We visualised the variation in the topology of gene trees using the multi-species coalescent model implemented in SNAPP (Bryant et al., 2012), thereby allowing each SNP to have its own genealogy (Figure 1). The MCMC chains showed stationarity and mixing (effective sample size >200 for all variables except for two theta-estimates at the root of the tree). The consensus tree topology and theta-estimates were relatively consistent across runs in which different individuals were sampled from each population (Figure 1, Supplementary Figure S3 and Supplementary Table S2), indicating that subsampling did not significantly bias the topology of the SNAPP trees. Two nodes were highly supported (highest posterior density (HPD)=1.0) in each consensus tree, but two nodes consistently showed weaker support; specifically, the nodes associated with the placement of the transient ecotype relative to both the Atlantic population and to the ingroup of the resident and offshore ecotypes. This topological uncertainty was visualised as a cloudogram of gene trees sampled from the posterior distribution inferred by SNAPP using DENSITREE (Bouckaert, 2010). The number of alternative topologies inferred per subsampling and within the 95% HPD ranged from 3 to 9 (Supplementary Table S3). In all inferred topologies within the 95% HPD the resident and offshore ecotypes consistently cluster together as the ingroup. However, the transient ecotype shifts position relative to this ingroup and the outgroups, in particular the Atlantic population (Figure 1, Supplementary Figure S3 and Supplementary Table S3). The topology inferred from the substitution model-based concatenated phylogenetic reconstruction of Moura et al. (2015), which constrains all sites to share the same evolutionary history, represents <11% of the SNAPP trees in the 95% HPD for each of the different subsamples (Supplementary Table S3).

The inference of ILS from the discordance of topologies inferred by SNAPP is supported by the high proportion of shared polymorphic sites and the low number of fixed differences among populations/ecotypes, and is expected for such a recent and rapid divergence as is the case in killer whales.

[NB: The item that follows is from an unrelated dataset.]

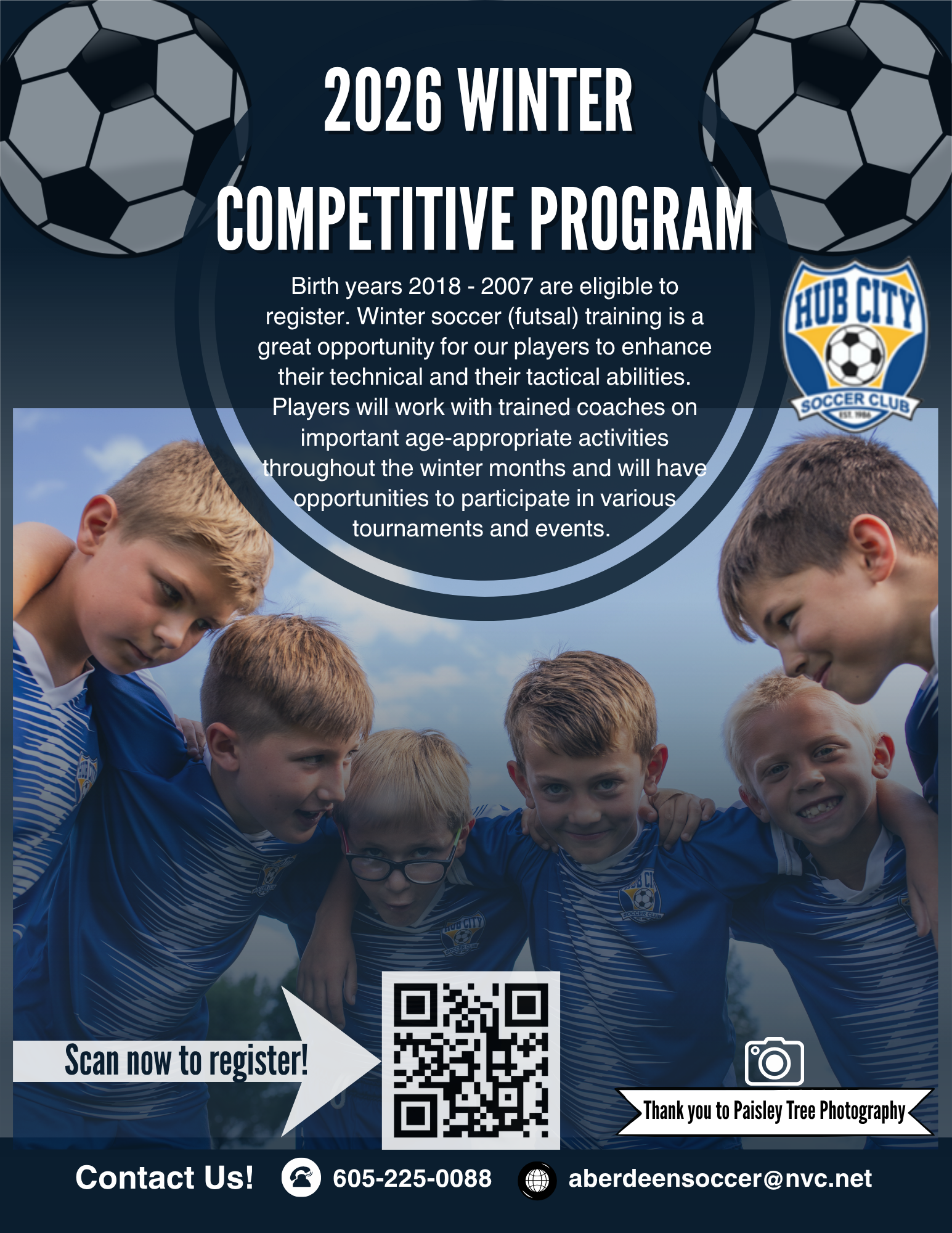 Our 2026 Winter Competitive soccer program has been developed and is ready to go. This winter we will provide training -and competitive tournament opportunities for all players in our U8 through U19 age groups. If a player’s birth year is 2018 through 2007 a player is eligible to play. Winter soccer (futsal) training is a great opportunity for our players to enhance their technical and their tactical abilities. Players will work with trained coaches on important age-appropriate activities throughout the winter months and will have opportunities to participate in various tournaments and events. At the conclusion of the Winter season, players will receive a written evaluation form from their age group coach noting their strengths and areas of potential improvement.

The pattern of ILS among the Atlantic, Marion Island and Transient groups suggests that loci are coalescing in a large and structured ancestral source population. Low effective population size, as inferred from the theta-estimates (Figure 1,Supplementary Figure S3 and Supplementary Table S2), may have accelerated lineage sorting in the offshore and resident ecotypes. However, although the multilocus coalescence approach of SNAPP incorporates heterozygous sites and accounts for lineage sorting, the model does not consider gene flow among taxa. Therefore, the signal identified as resulting from ILS by SNAPP, could in fact be wholly or in part due to ancestral admixture events. Introgressive gene flow has long been acknowledged as a confounding factor in phylogenetic inference (see Schierup and Hein, 2000; Leaché et al., 2014). Introgression shortens branch lengths, reduces node support and results in populations being grouped together based on the extent of gene flow between them in substitution model-based phylogenetic trees (Schierup and Hein, 2000; Leaché et al., 2014). We therefore investigated whether historical gene flow between ancestral populations/ecotypes could be influencing gene tree topology using methods that can identify the extent and direction of introgression during recent and ancestral admixture events.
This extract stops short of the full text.